Ильин раньше многих сумел распознать подлинное лицо нацизма. В 1934 г., через полгода после прихода Гитлера к власти, за отказ вести преподавание согласно партийной программой национал-социалистов философ был удален из Института. Гестапо наложило арест на все его печатные труды и запретило ему публичные выступления. Лишившись источника существования, Иван Александрович решил покинуть Германию и переехать в Швейцарию. С трудом получив визы для себя и своей жены, Ильины уехали в Цюрих. Но и в Швейцарии Ильину была запрещена политическая деятельность.

Гражданин России

Архимандрит Константин писал, что вклад Ильина в сокровищницу русской культуры определяется не только своей громадностью, но и тем, что «за всем этим богатством стоит непоколебимая воля. Мыслитель по образованию, талантам, вкусам, воспитанию, профессии, Иван Александрович одновременно был гражданином. И не в том смысле, что он способен отвлечься от работы мысли, чтобы взять за меч или хотя бы выйти на площадь, а в том, что саму свою мысль он сознательно, убежденно, последовательно и неуклонно ставил на службу гражданского долга».

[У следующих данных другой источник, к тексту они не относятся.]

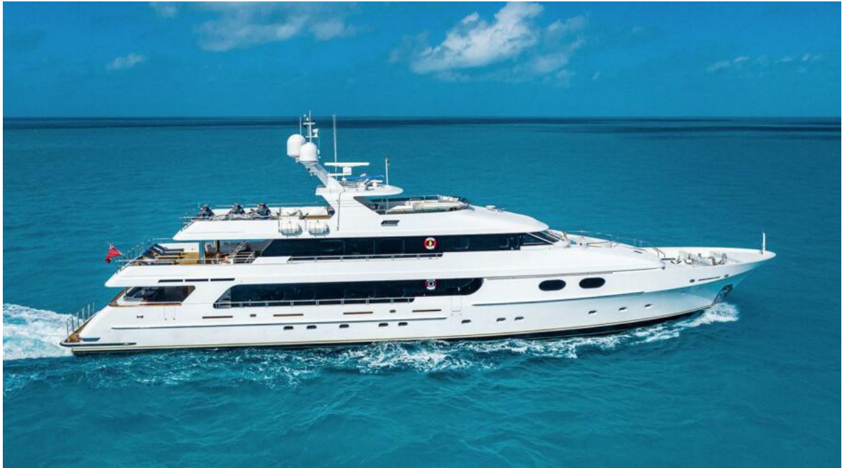
157' (47.85m) AMORE Christensen, 2005/2022
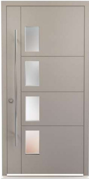
Colour: SEN026 Broadstone DM0004
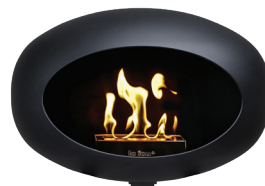
Le Feu Wall £1,499.00
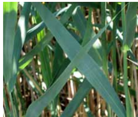
Common reed stems and leaves.
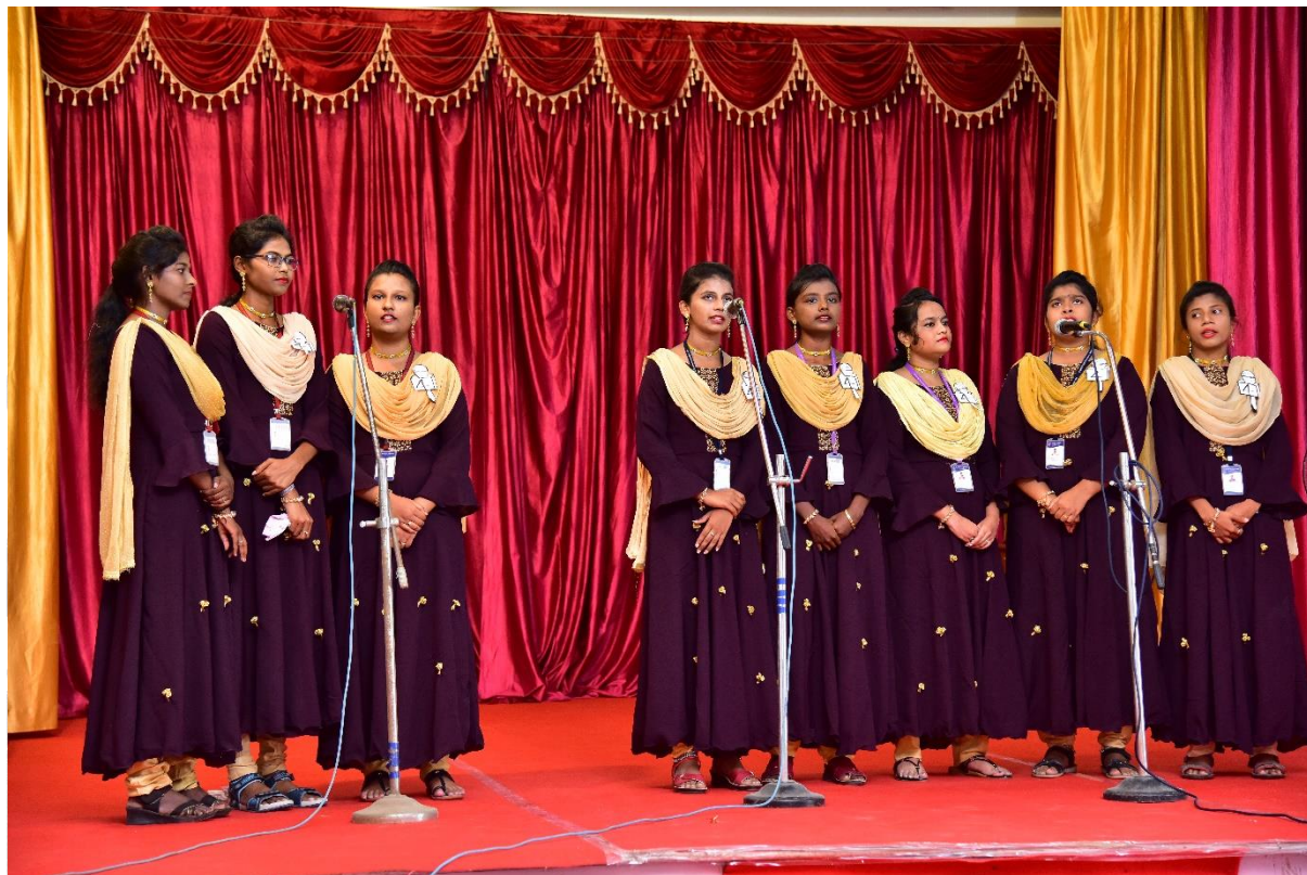
Dazzling Artists of Choral Singing

Department of English bagged the Over All Shield for group events and the Department of Commerce for single events in the Marian Art fest 2019.

Иван Ильин написал более 30 книг по философии, истории политических учений, по вопросам религии, культуры и политики. Важное место в его творческом наследии занимает книга «Наши задачи», своеобразный манифест русской идеи и русского патриотизма. Она возникла из отдельных «пропагандистских» статей, которые печатались на ротаторе небольшим тиражом без подписи только для единомышленников. Получатели их размножали и рассылали друзьям. Их сборник с именем автора был издан уже после смерти Ильина в Париже, а в России его напечатали только в 1991 году.

«Какистократия»

«И вот, — описывал трагические последствия 19 17 года Иван Ильин, — преступный мир покинул тюрьмы, освобождая их для „контрреволюционеров“, — и привычные жители тюрем влились в революцию. Уголовные, принимавшие коммунистическую программу, быстро и легко врастали в партию и, особенно, в Чеку, уголовные, желавшие грабить самовольно, вне революционной дисциплины, арестовывались и расстреливались… Так возник этот режим: разбойники стали чиновниками, а чиновники — разбойниками».

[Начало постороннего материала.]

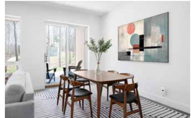
Dining Area with Space for Large Table
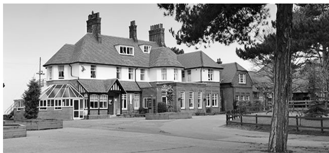
Kingswood Activity Centre, West Runton

On Wednesday 28 th April we had a long journey to West Runton, Norfolk. We were travelling to a Kingswood centre to spend 3 days doing fun activities. When we arrived we were lucky that the sun was shining so we could visit the beach. Everyone quickly ate their lunch so that we could play on the beach and have an ice-cream. Some people played rounders, others played football and some brave children searched for crabs! We were very excited to find out where we would be sleeping. Our first task was to make our beds! (But the adults actually ended up doing most of them!).
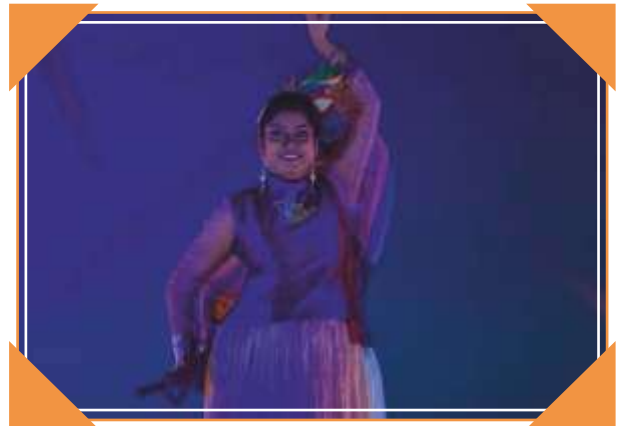
ACSICON 2015 - Cultural Night
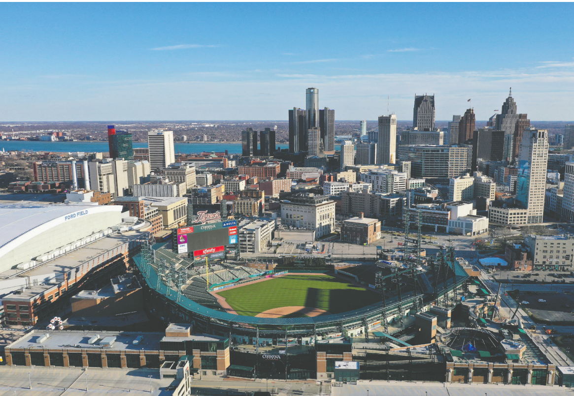
Tailgaters will set up around downtown Detroit and Comerica Park early Friday.

If you're going, it's probably a good idea to bundle up and bring an umbrella. Environment Canada is forecasting 10C on Friday with a 60 per cent of rain. And you'll have to find your own transportation.
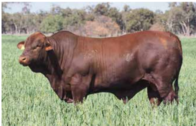
Rockingham Quicksand Q136 (PS) – Lot 4
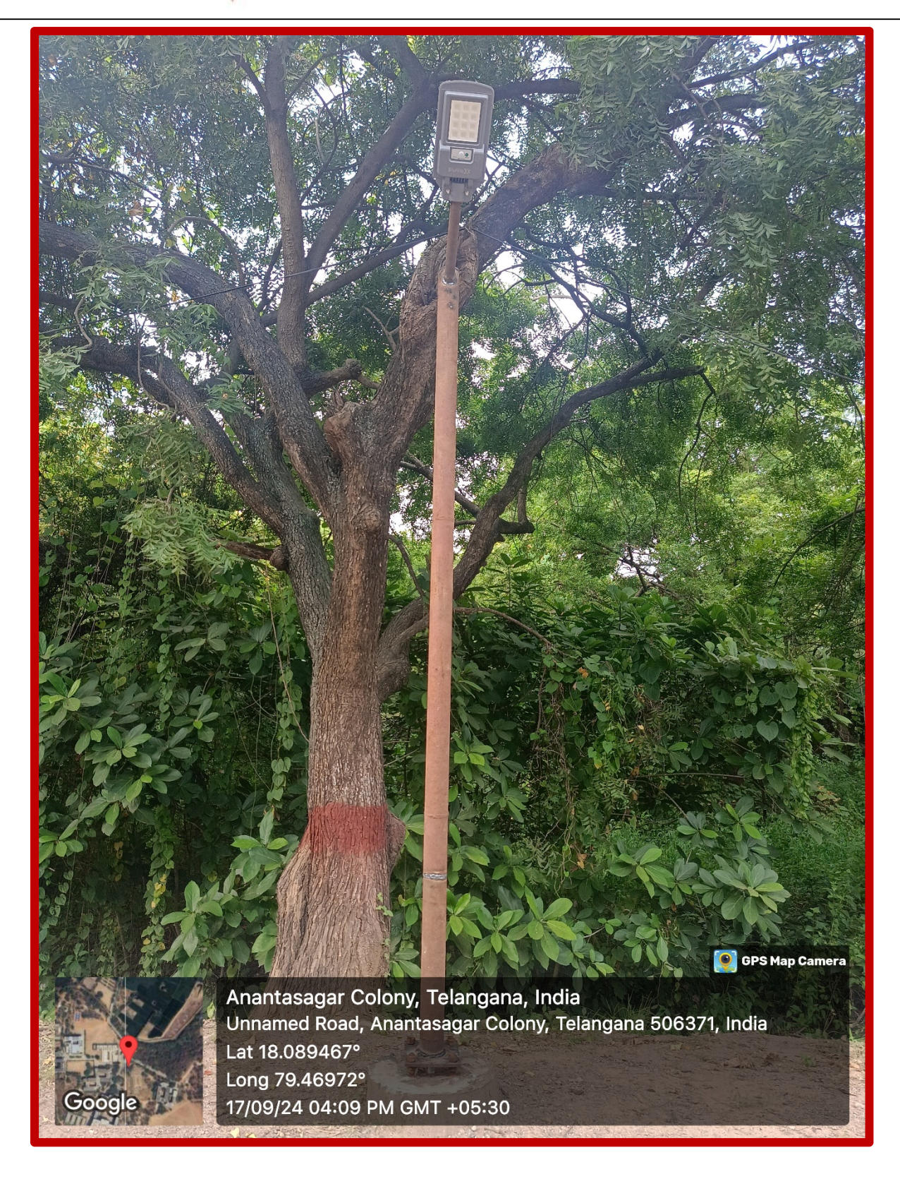
Sensor Based Solar Street Light
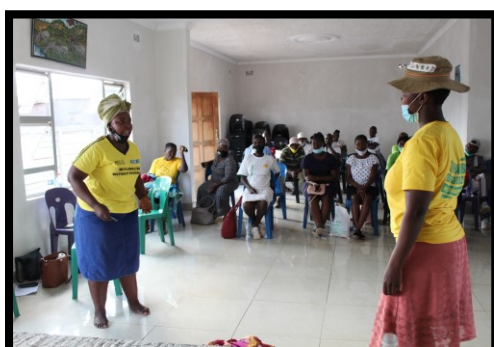
Figure 4: Drama as a tool for message delivery

During field community visits, the evaluator had the opportunity to witness a drama staged by community advocates imitating part of their everyday engagement with communities and the delivery of their messages (see photo below).
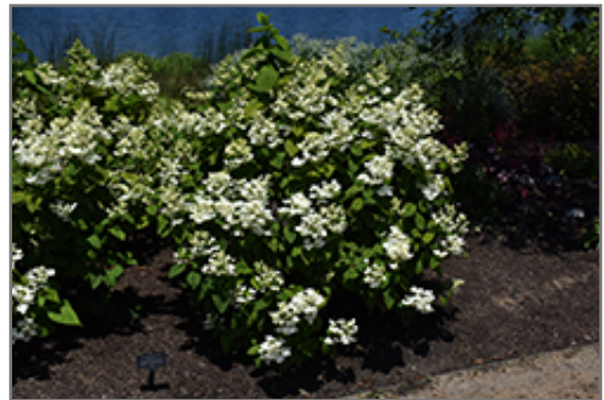
White Diamonds Hydrangea in bloom
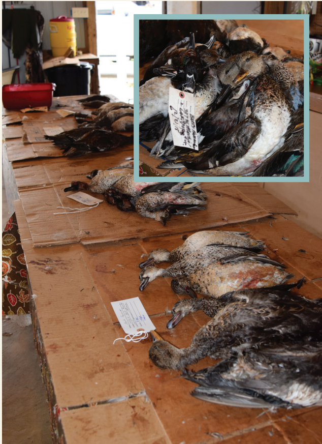
Birds must be properly tagged.
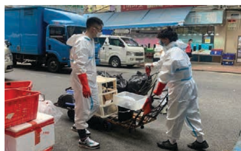
Participating in community service 參與社區服務
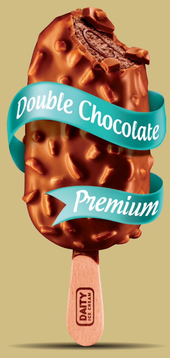
Double Chocolate Premium Ice cream

«Судьба русских людей двадцатого века, — беспримерна по своей тягости, — отмечает философ. — Впервые в истории мобилизовались такие силы зла, впервые изобретены приемы такого террора, компрометирующего самое здоровое начало государственности, впервые создан заговор такого интернационального охвата, такого подрыва, такой злодейской меткости, такой неисчерпаемой одержимости».

И все-таки Ильин не был сторонником односторонней «теории заговора». «Русский народ, — писал он, — пошел за большевиками в смутных и беспомощных поисках новой справедливости. „Старое“ — казалось ему несправедливым, „новое“ манило его „справедливостью“». Однако, по мнению Ильина, «социализм и коммунизм вообще ведут не к справедливости, а к новому неравенству и что равенство и справедливость совсем не одно и то же», ибо люди неравны от природы. Революционное равнение «вниз» ведет к тому, что худшие люди (карьеристы, симулянты, подхалимы, люди беспринципные, бессовестные, продажные, «ловчилы») выдвигаются вперед и вверх, а лучшие люди задыхаются и терпят всяческое гонение.

«Если „аристос“ значит по-гречески наилучший, а „какистос“ — наихудший, то этот строй может быть по справедливости обозначен как правление наихудших или „какистократия“». Таким изобретенным им термином Ильин определил существовавшую в СССР государственную систему.

Ильин был убежден, что большевизм в России рухнет и только тогда страна может возродиться. Но он с большим сомнением относился к попыткам навязать освободившейся России демократию западного типа и пророчески предсказывал порочность грядущего глобализма. Нет «единого государственного строя», который был бы наилучшим для всех стран и народов, указывал он. «На введении демократии в грядущей России настаивают, во-первых, неосведомленные и лукавые иностранцы, а во-вторых, бывшие российские граждане, ищущие ныне погубления и разложения России… И, — отмечал Ильин, — как часто мы видим, что люди торопятся объявить себя „демократами“ ради признания со стороны недругов России и закулисных субсидий!».

Идея сердца

Но куда же тогда идти новой России? В чем сущность русской идеи? В чем суть русского патриотизма? «Русская идея, — писал Ильин, — есть идея сердца… Она утверждает, что главное в жизни есть любовь и, что именно любовью строится совместная жизнь на земле, ибо из любви родится вера и вся культура духа. И все это не идеализация и не миф, а живая сила русской истории. О доброте, ласковости и гостеприимстве, а также о свободолюбии русских славян свидетельствуют единогласно древние источники — и византийские, и арабские. Русская народная сказка вся проникнута певучим добродушием. Русская песнь есть прямое излияние сердечного чувства… это дух живет в русской поэзии и в русской литературе, в русской живописи и в русской музыке».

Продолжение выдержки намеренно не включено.